> [What you have to do] Below are some records. Write out exactly their lines from the one with "قال ابن إسحاق: (ومضى" through the one with "高剛性グラファイト材を使用し", and leave the pictures behind.

[Opening Supplied records section]

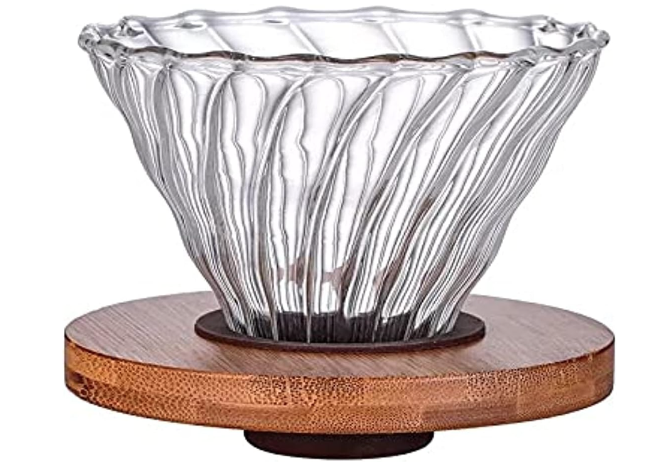 قمع v60 زجاجي مموج قاعدة خشب 02
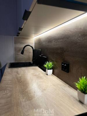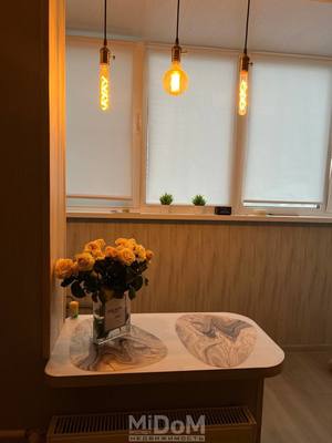 Из кухни сделан выход на утеплённый балкон, подоконник с оборудован, как рабочий стол, над ним сделано уютное освещение. На балконе стоят кресло-кровать и туалетный столик, положен тёплый пол.
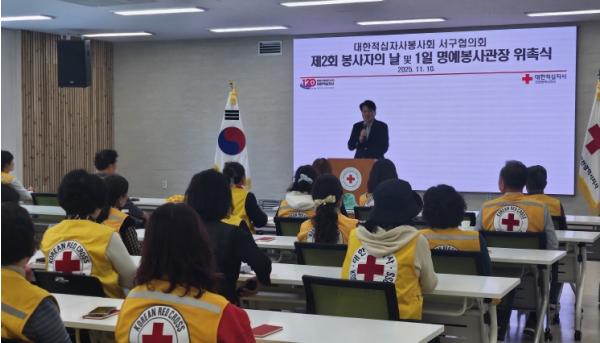 대한적십자사 인천지사는 서북봉사관에서 11.10일 ‘대한적십자사 봉사회 서구협의회 제2회 봉사자의 날 및 서구청장 1일 명예봉사관장 위촉식’을 진행했다.
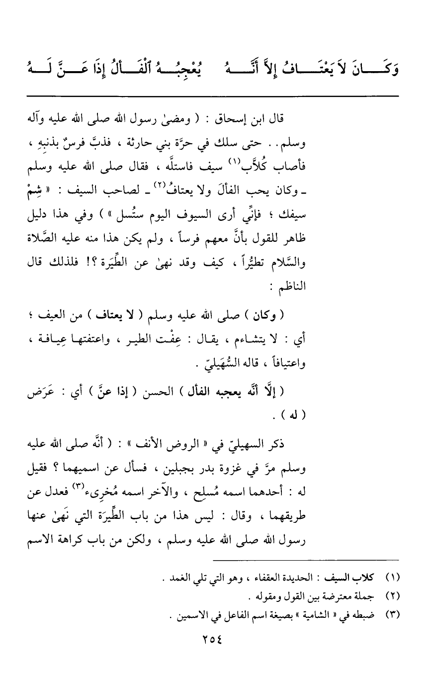 قال ابن إسحاق: (ومضى رسول الله صلى الله عليه وآله وسلم.. حتى سلك في حرّة بني حارثة، فذبّ فرس بذنبه، فأصاب كلّاب «1» سيف فاستلّه، فقال صلى الله عليه وسلم وكان يحب الفأل ولا يعتاف «2» - لصاحب السيف: «شم سيفك؛ فإنّي أرى السيوف اليوم ستسل» ) وفي هذا دليل ظاهر للقول بأنّ معهم فرسا، ولم يكن هذا منه عليه الصّلاة والسّلام تطيّرا، كيف وقد نهى عن الطّيرة؟! فلذلك قال الناظم:
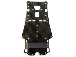 高剛性グラファイト材を使用したメインシャシー。バッテリー部の両サイドをカットすることでナローシャシーにもできます。
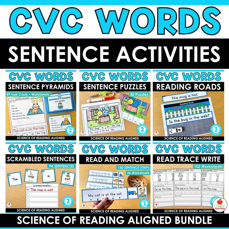 Give your students sentence-level CVC practice that never gets stale. This Science of Reading-aligned CVC Words Sentence Activities Bundle brings together six different sentence activities – hands-on centers, worksheets, and fluency tools, all built around decodable CVC sentences across all five short vowels.
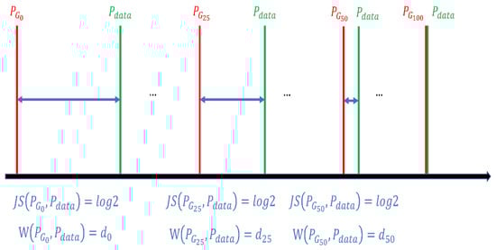 Therefore, the Wasserstein distance [25] is used to replace the JS divergence as the distance metric between and , as shown in Figure 5. For JS divergence, the distance between and , and the distance between and are both . Unless the parameters of the generator can be exactly updated to the parameters of in one step during training, the parameters of the generator cannot be gradually updated to and then gradually updated to , the training will stagnate. The advantage of using the Wasserstein distance is that even if and do not overlap or overlap very little, the Wasserstein distance still reflects how close they are. Therefore, for the Wasserstein distance, < < , is better than . can update the parameters to and then gradually update to until the distance between and reaches the minimum.
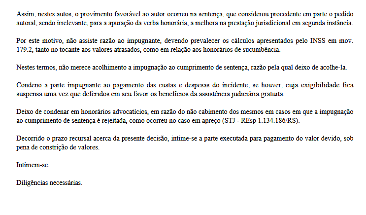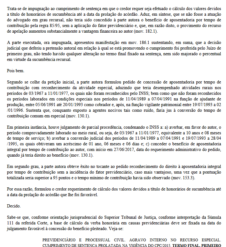 Dessa forma, considerando que foi dado provimento integral ao apelo da parte, afastando a incidência do fator previdenciário e concedeu benefício mais vantajoso à parte autora, parece-nos que houve alteração substancial no julgamento do apelo, devendo o acórdão ser o termo final a ser adotado (ev. 01, OUT4, fls. 51-52), amoldando-se ao teor da Súmula nº 111 do STJ (nesse sentido, a decisão monocrática do Ministro Benedito Gonçalves no RECURSO ESPECIAL Nº 1.419.016, 10-8-2017).

[Closing Supplied records section]

> [Task answer]
 قال ابن إسحاق: (ومضى رسول الله صلى الله عليه وآله وسلم.. حتى سلك في حرّة بني حارثة، فذبّ فرس بذنبه، فأصاب كلّاب «1» سيف فاستلّه، فقال صلى الله عليه وسلم وكان يحب الفأل ولا يعتاف «2» - لصاحب السيف: «شم سيفك؛ فإنّي أرى السيوف اليوم ستسل» ) وفي هذا دليل ظاهر للقول بأنّ معهم فرسا، ولم يكن هذا منه عليه الصّلاة والسّلام تطيّرا، كيف وقد نهى عن الطّيرة؟! فلذلك قال الناظم:
 高剛性グラファイト材を使用したメインシャシー。バッテリー部の両サイドをカットすることでナローシャシーにもできます。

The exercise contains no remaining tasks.